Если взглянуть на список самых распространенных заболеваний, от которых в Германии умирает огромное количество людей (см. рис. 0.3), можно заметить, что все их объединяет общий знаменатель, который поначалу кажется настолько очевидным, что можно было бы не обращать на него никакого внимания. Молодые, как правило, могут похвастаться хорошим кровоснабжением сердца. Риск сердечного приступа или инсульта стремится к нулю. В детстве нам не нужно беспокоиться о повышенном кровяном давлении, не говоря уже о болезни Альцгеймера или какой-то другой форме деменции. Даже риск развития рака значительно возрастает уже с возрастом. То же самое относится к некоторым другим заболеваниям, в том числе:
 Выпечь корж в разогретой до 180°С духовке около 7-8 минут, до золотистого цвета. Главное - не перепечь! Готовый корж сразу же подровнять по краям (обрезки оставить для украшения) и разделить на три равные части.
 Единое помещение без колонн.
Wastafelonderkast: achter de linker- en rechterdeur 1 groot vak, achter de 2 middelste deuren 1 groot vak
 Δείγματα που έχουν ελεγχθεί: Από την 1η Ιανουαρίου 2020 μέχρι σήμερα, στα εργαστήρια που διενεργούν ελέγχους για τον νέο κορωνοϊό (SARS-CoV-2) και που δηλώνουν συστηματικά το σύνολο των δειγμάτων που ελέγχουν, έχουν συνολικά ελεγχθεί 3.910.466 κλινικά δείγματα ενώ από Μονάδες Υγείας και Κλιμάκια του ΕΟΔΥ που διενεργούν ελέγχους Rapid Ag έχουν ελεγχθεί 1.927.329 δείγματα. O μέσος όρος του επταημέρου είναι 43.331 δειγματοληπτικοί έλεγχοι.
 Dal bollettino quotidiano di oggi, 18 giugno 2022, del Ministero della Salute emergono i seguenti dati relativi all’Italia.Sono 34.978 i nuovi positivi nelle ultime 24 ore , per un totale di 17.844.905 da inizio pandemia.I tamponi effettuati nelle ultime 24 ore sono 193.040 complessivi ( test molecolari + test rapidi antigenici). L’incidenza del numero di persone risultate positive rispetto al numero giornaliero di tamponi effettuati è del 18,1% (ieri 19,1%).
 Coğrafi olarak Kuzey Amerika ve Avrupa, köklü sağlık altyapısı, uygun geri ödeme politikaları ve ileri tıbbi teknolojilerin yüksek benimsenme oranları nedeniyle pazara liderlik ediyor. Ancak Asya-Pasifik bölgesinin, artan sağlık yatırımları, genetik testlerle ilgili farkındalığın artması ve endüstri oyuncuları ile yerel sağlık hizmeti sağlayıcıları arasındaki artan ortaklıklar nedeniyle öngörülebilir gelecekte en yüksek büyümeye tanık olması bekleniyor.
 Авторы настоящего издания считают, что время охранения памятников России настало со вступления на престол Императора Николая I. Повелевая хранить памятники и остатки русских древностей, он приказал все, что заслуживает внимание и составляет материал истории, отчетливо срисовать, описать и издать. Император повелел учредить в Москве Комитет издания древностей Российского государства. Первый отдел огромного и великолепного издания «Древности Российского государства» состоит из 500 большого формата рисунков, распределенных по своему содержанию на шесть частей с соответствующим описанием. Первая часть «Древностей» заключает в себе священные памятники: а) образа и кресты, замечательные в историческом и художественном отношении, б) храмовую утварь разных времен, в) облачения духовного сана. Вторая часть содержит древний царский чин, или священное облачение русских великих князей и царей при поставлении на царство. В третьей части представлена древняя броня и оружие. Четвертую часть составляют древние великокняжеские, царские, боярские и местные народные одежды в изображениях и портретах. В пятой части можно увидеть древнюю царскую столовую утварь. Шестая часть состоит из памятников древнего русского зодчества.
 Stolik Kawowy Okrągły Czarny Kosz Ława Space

##############################

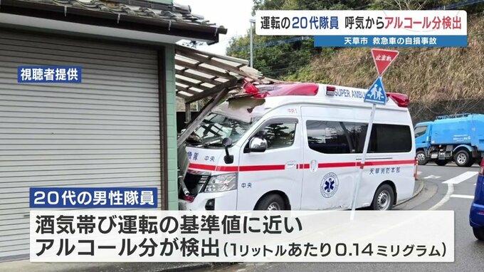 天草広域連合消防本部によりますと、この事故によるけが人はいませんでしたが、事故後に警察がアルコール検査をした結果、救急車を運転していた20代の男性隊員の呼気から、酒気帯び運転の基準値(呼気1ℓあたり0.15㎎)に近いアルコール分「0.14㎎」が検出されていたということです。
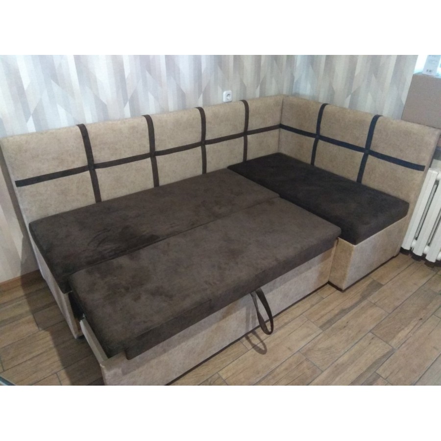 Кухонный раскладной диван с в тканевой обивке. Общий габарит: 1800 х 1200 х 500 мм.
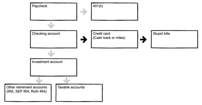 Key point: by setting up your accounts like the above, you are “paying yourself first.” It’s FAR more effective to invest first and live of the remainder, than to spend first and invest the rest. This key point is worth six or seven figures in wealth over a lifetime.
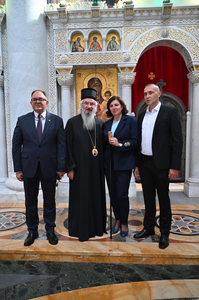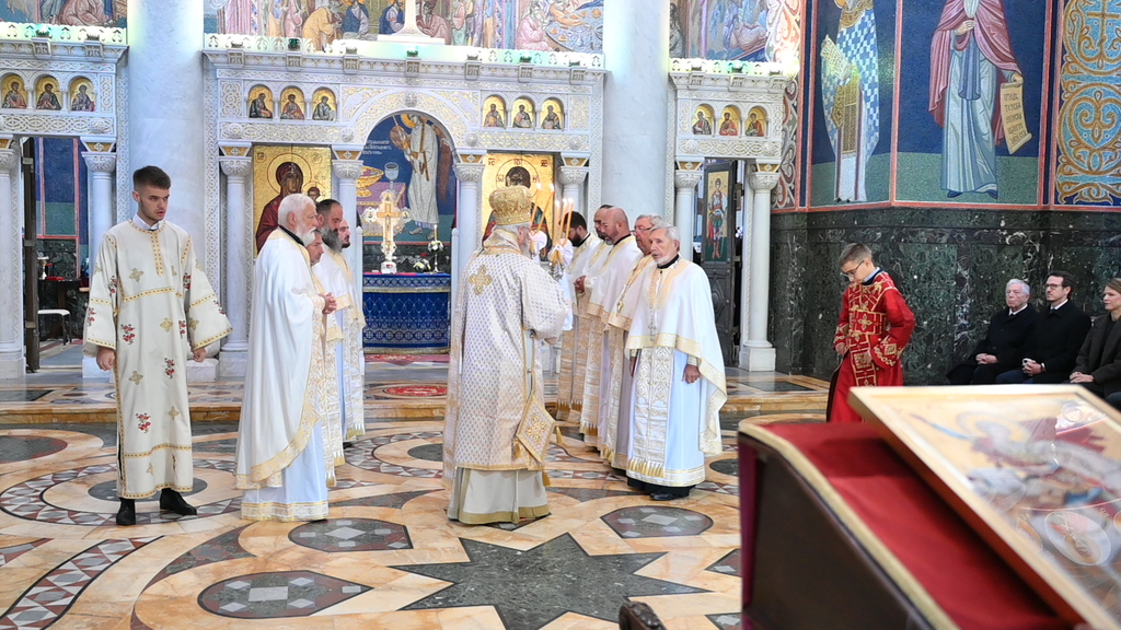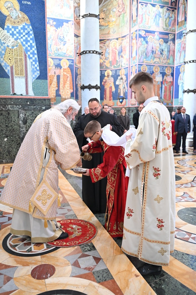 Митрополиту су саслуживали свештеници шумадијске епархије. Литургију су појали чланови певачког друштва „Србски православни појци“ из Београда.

##############################

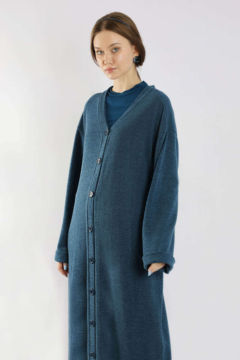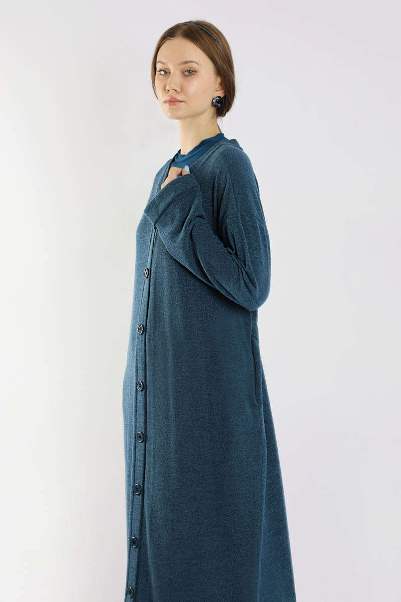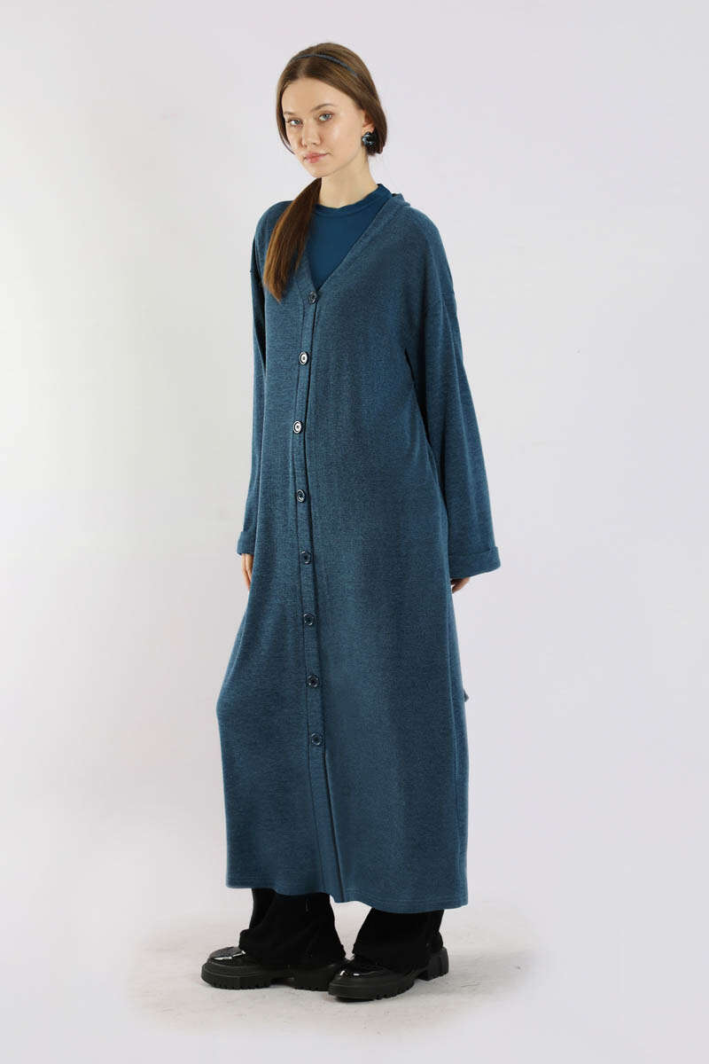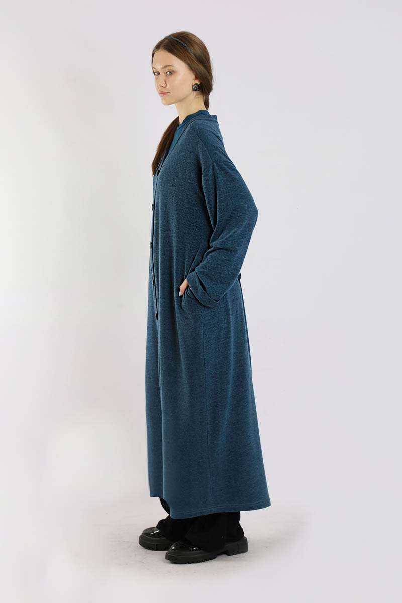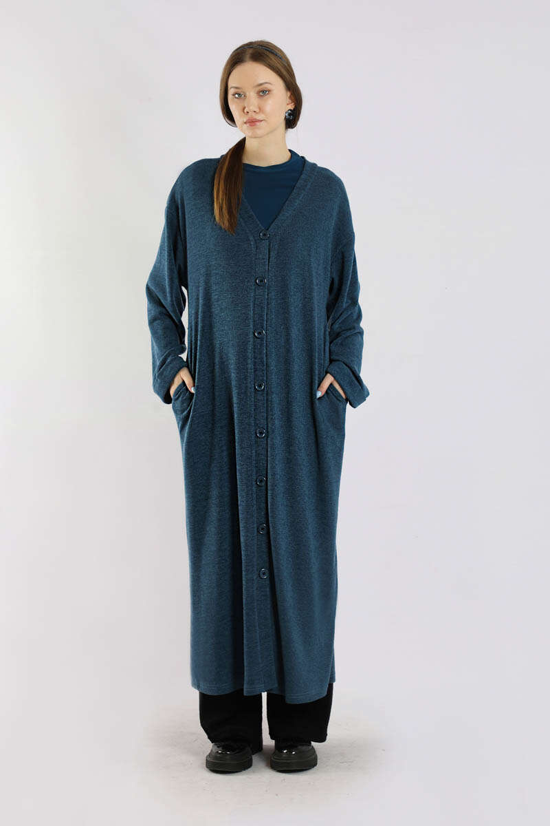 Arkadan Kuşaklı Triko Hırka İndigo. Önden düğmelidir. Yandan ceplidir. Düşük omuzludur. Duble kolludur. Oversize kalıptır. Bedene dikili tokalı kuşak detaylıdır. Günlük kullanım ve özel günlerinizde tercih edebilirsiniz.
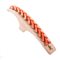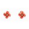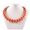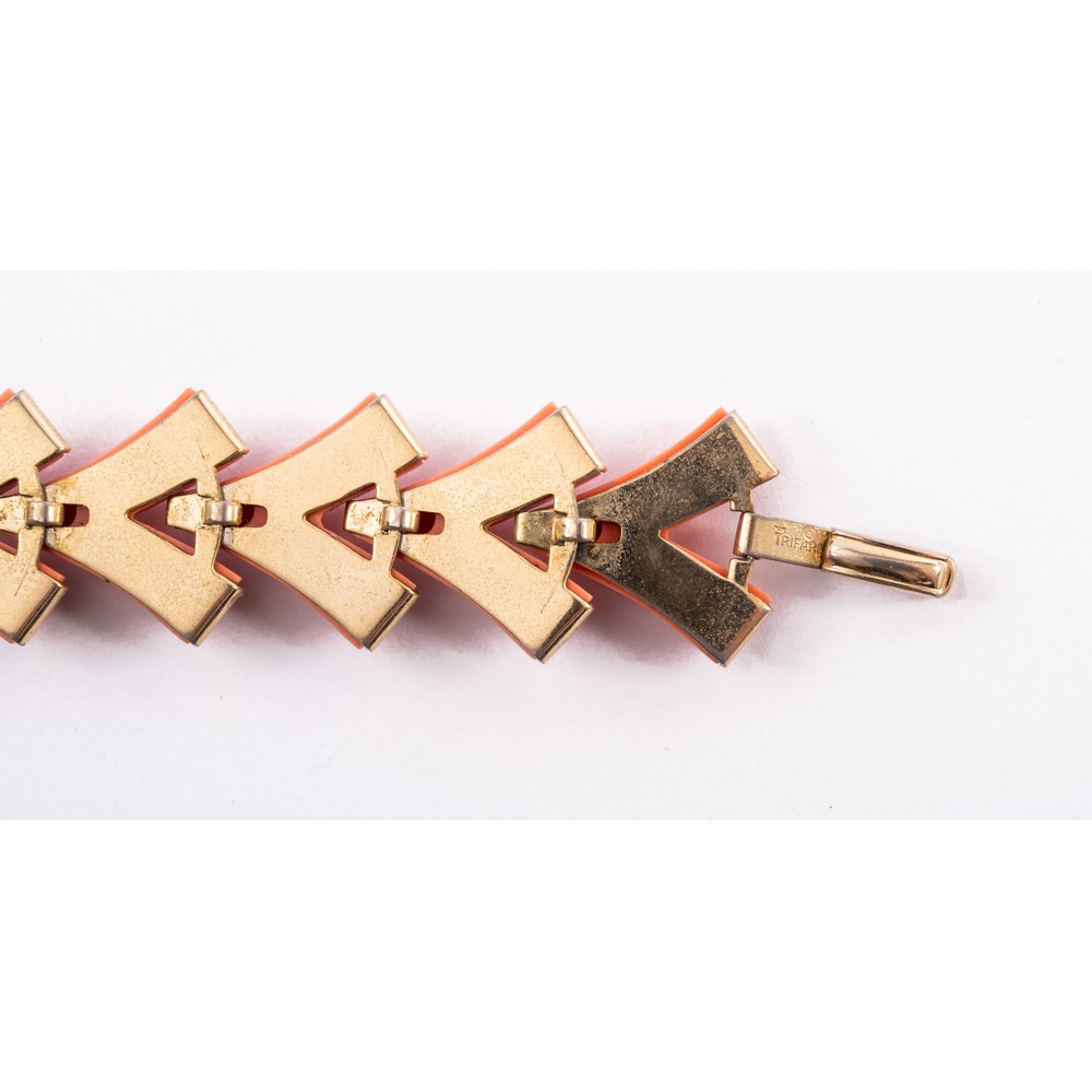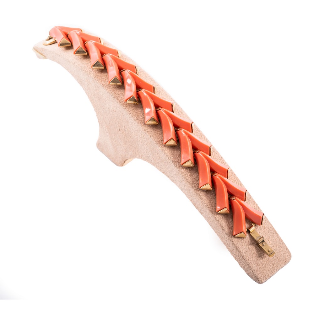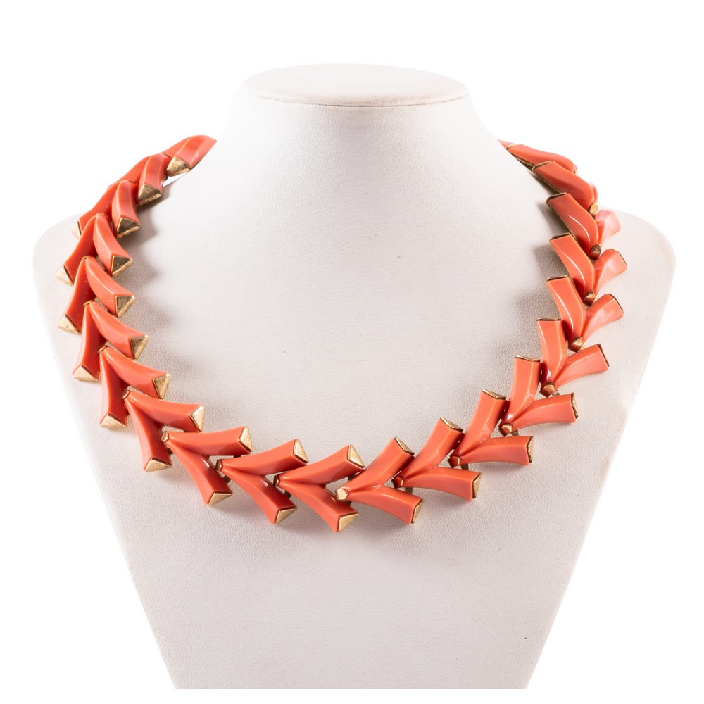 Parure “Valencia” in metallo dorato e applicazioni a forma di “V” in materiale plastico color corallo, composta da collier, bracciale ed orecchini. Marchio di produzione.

##############################

In the entries above, please find the line with "Если взглянуть на" and the line with "Δείγματα που έχουν", then write out exactly those two lines and every line between them, and nothing more.

## Expected output
Если взглянуть на список самых распространенных заболеваний, от которых в Германии умирает огромное количество людей (см. рис. 0.3), можно заметить, что все их объединяет общий знаменатель, который поначалу кажется настолько очевидным, что можно было бы не обращать на него никакого внимания. Молодые, как правило, могут похвастаться хорошим кровоснабжением сердца. Риск сердечного приступа или инсульта стремится к нулю. В детстве нам не нужно беспокоиться о повышенном кровяном давлении, не говоря уже о болезни Альцгеймера или какой-то другой форме деменции. Даже риск развития рака значительно возрастает уже с возрастом. То же самое относится к некоторым другим заболеваниям, в том числе:
 Выпечь корж в разогретой до 180°С духовке около 7-8 минут, до золотистого цвета. Главное - не перепечь! Готовый корж сразу же подровнять по краям (обрезки оставить для украшения) и разделить на три равные части.
 Единое помещение без колонн.
Wastafelonderkast: achter de linker- en rechterdeur 1 groot vak, achter de 2 middelste deuren 1 groot vak
 Δείγματα που έχουν ελεγχθεί: Από την 1η Ιανουαρίου 2020 μέχρι σήμερα, στα εργαστήρια που διενεργούν ελέγχους για τον νέο κορωνοϊό (SARS-CoV-2) και που δηλώνουν συστηματικά το σύνολο των δειγμάτων που ελέγχουν, έχουν συνολικά ελεγχθεί 3.910.466 κλινικά δείγματα ενώ από Μονάδες Υγείας και Κλιμάκια του ΕΟΔΥ που διενεργούν ελέγχους Rapid Ag έχουν ελεγχθεί 1.927.329 δείγματα. O μέσος όρος του επταημέρου είναι 43.331 δειγματοληπτικοί έλεγχοι.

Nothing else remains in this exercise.